==== Given data

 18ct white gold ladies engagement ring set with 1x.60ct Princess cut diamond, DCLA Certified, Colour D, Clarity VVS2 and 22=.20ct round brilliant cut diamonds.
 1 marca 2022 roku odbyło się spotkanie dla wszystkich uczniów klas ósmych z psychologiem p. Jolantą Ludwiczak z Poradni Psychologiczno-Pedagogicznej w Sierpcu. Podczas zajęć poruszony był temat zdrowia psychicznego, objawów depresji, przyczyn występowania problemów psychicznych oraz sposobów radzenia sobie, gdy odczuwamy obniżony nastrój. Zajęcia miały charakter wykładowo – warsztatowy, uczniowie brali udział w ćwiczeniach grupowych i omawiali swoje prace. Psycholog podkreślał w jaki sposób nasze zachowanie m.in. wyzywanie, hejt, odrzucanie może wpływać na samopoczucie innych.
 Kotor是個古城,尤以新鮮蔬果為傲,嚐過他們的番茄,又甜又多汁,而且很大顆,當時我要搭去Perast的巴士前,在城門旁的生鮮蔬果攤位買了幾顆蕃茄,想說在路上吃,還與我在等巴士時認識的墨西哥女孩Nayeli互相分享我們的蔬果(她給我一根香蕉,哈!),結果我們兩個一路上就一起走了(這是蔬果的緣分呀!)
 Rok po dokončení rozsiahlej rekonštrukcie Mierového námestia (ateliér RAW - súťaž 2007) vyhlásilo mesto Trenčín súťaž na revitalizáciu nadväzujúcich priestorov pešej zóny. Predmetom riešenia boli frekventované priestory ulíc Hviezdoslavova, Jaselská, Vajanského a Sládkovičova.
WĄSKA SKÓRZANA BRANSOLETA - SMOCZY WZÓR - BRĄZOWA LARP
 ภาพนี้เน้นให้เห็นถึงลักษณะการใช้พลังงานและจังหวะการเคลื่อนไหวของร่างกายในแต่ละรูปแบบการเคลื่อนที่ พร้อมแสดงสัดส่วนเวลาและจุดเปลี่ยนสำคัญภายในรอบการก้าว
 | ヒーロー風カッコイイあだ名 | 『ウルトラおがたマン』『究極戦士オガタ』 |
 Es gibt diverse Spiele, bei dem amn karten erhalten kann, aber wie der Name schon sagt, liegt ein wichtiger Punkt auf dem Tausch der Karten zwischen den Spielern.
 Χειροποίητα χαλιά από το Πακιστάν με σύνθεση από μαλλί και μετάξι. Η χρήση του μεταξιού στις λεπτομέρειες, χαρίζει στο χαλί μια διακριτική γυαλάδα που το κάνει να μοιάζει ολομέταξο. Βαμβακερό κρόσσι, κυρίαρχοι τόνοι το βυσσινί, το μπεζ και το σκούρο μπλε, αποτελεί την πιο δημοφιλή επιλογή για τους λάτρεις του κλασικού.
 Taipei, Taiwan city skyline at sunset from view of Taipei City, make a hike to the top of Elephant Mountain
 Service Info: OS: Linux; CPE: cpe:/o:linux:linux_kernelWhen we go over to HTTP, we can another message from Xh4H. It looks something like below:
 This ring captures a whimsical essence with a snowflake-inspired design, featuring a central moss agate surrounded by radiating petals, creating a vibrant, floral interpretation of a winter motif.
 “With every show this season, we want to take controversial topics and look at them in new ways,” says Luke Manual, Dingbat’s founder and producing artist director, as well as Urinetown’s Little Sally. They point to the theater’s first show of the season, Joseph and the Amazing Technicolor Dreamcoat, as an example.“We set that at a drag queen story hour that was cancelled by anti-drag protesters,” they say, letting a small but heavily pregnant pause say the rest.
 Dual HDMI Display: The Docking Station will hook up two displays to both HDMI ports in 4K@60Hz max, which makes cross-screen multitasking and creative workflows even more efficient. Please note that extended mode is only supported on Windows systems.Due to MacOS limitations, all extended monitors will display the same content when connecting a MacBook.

========

Work task: Please copy every line from the entries that includes the word "ring".

Solution for this task:
 18ct white gold ladies engagement ring set with 1x.60ct Princess cut diamond, DCLA Certified, Colour D, Clarity VVS2 and 22=.20ct round brilliant cut diamonds.
 This ring captures a whimsical essence with a snowflake-inspired design, featuring a central moss agate surrounded by radiating petals, creating a vibrant, floral interpretation of a winter motif.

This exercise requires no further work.